Der Film beginnt mit der ersten Mission der »Iuventa« als Seenotrettungsschiff und beobachtet die jungen Retter, die voller Tatendrang und Optimismus innerhalb von 15 Tagen 2000 Menschen das Leben retten. Sie werden mit tiefer Dankbarkeit, aber auch mit dem Tod konfrontiert. Während des Winters liegt das Schiff in der Werft, wird repariert. Währenddessen diskutieren die Retter den Sinn der Mission und ihre Zukunft. Einzelne machen sich auf den Weg, um die von ihnen geretteten Menschen in italienischen Flüchtlingscamps aufzusuchen. Im darauffolgenden Frühjahr sticht das Schiff erneut in See. Doch im August 2017 wird die »Iuventa« in einen italienischen Hafen beordert und dort von den Behörden beschlagnahmt. Die Staatsanwaltschaft erhebt schwere Vorwürfe: Menschenschmuggel und Zusammenarbeit mit Schlepperbanden. Ein Verfahren, das bis heute andauert.
Innerhalb der Initiative kommt es auch immer wieder zu Streit. Nehmen wir den europäischen Behörden eine Last ab, die sie sonst tragen würden? Rechnen Schlepper mit unserer Präsenz?
Der Film, der an diesem Montag bundesweit in die Kinos kommt, ist ein mitreißendes Dokument, der das spontane Engagement der Helfer von »Jugend Retter« mit all ihren Zweifeln festhält.

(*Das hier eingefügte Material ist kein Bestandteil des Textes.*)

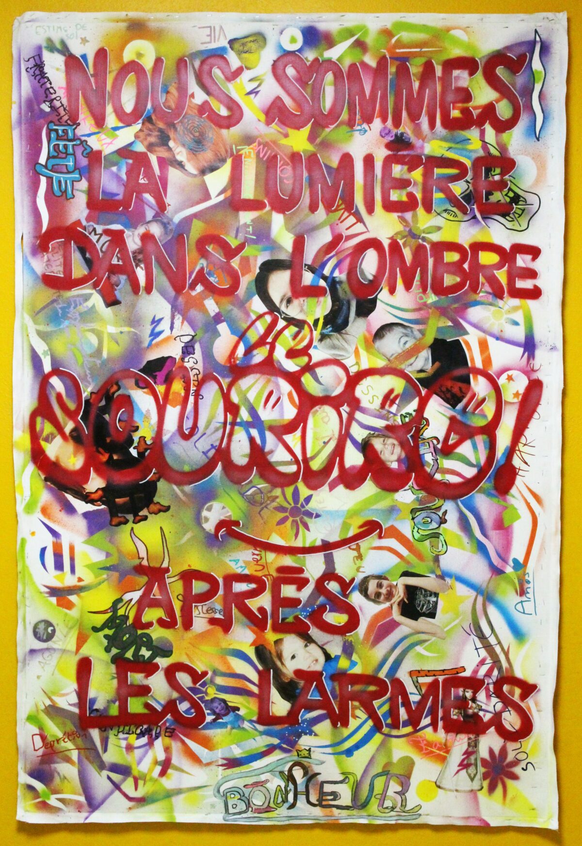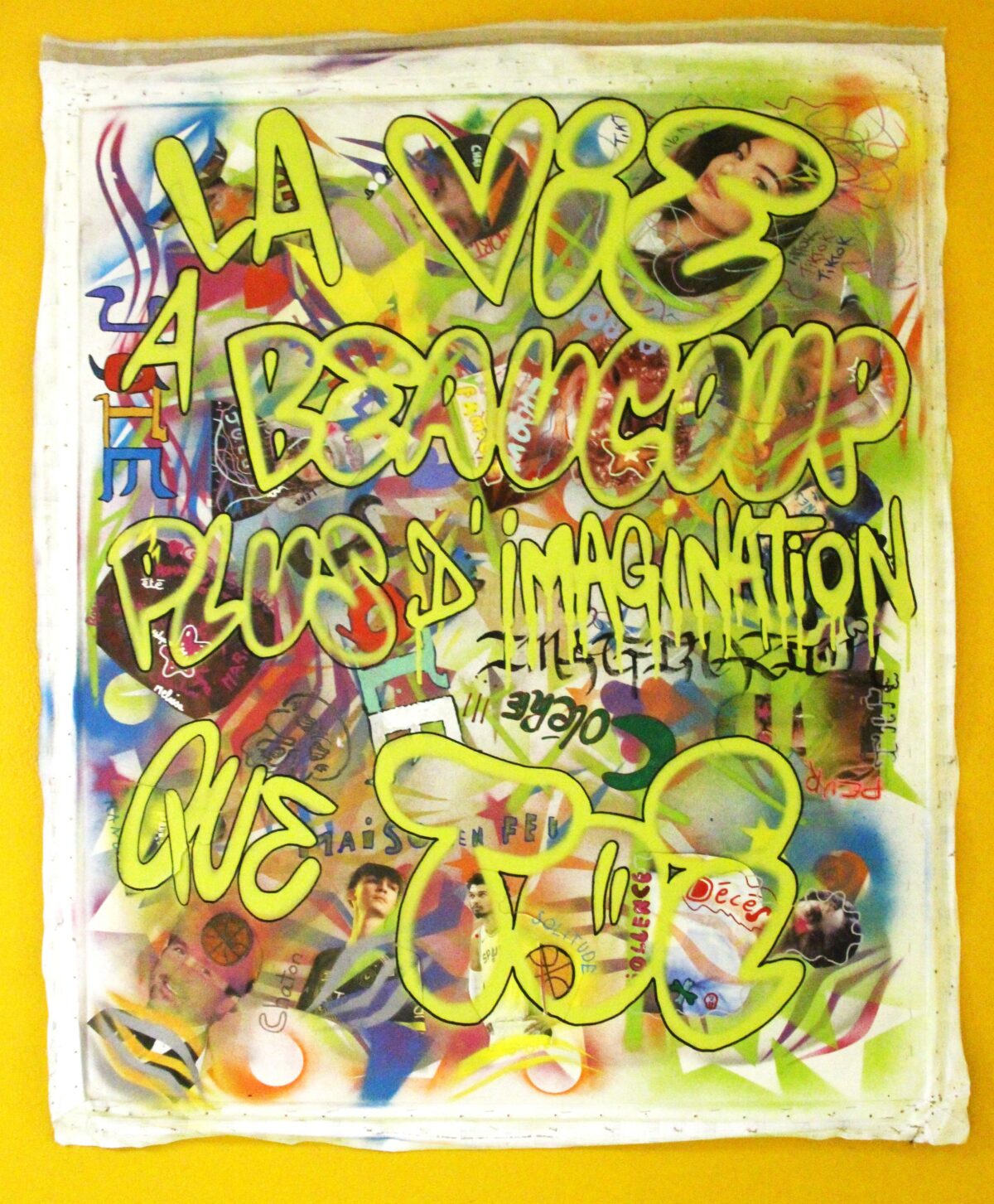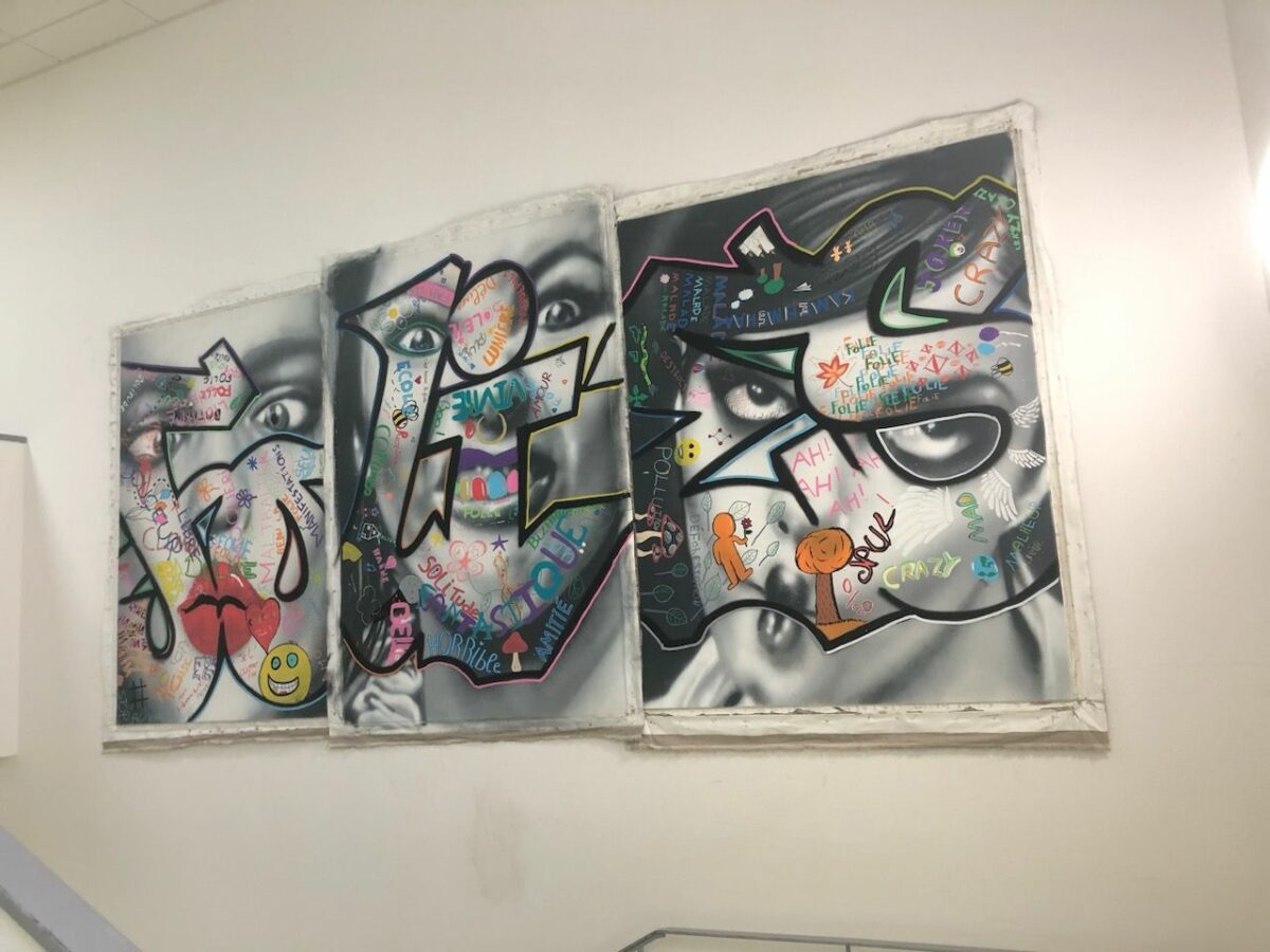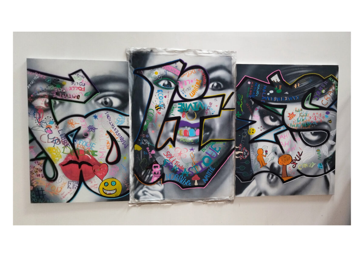 Style : Caractérisé par des couleurs vives (bleu, rose, noir), des motifs abstraits et des personnages stylisés (anges, démons). Ses toiles, comme « Trouble Fait » (1990/2025), utilisent des textures brillantes et des influences pop-graffiti.
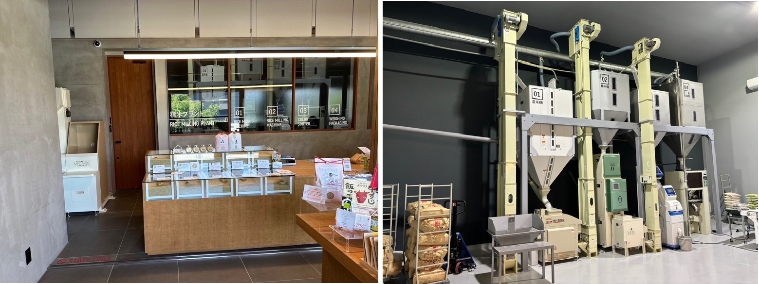 一方では、ネイルをしている女性が増えたことから、近年では無洗米のニーズが高まったことを考慮に入れ、無洗米専用の精米機を新たに導入。精米プラントを店舗から見えるように配置し、精米プラントと店舗を一体化させることにより、生産から流通まで行うという同社の特徴を、あますことなく活かすことができます。

Er zeichnet ein aufrichtiges Bild der Unerfahrenheit der Helfer und zeigt, an welche Grenzen sie stoßen.
Der Film kommt zur rechten Zeit: Der Kapitän des Rettungsbootes »Lifeline« steht in Malta vor Gericht, andere Rettungsboote wurden auf der Insel festgesetzt. Italiens neuer Innenminister, Matteo Salvini, bezeichnet Migranten als »Ladung Menschenfleisch« und schließt die Häfen für sie. Mehr als 1400 Menschen sind seit Jahresbeginn an der europäischen Grenze gestorben. Die Menschen aus Abschreckung ertrinken zu lassen, nach dem Motto »je mehr wir retten, desto mehr kommen«, das ist die Brutalität und Menschenverachtung, die sich immer mehr in der europäische Politik Bahn bricht. Die Crew von »Jugend Rettet« ist diesen Schritt nicht mitgegangen. Darin liegt ihre Größe.
Iuventa der Film: Seenotrettung - ein Akt der Menschlichkeit! Italien/Deutschland 2018 Regie: Michele Cinque. Ab diesem Montag (9. Juli) in ausgewählten Kinos.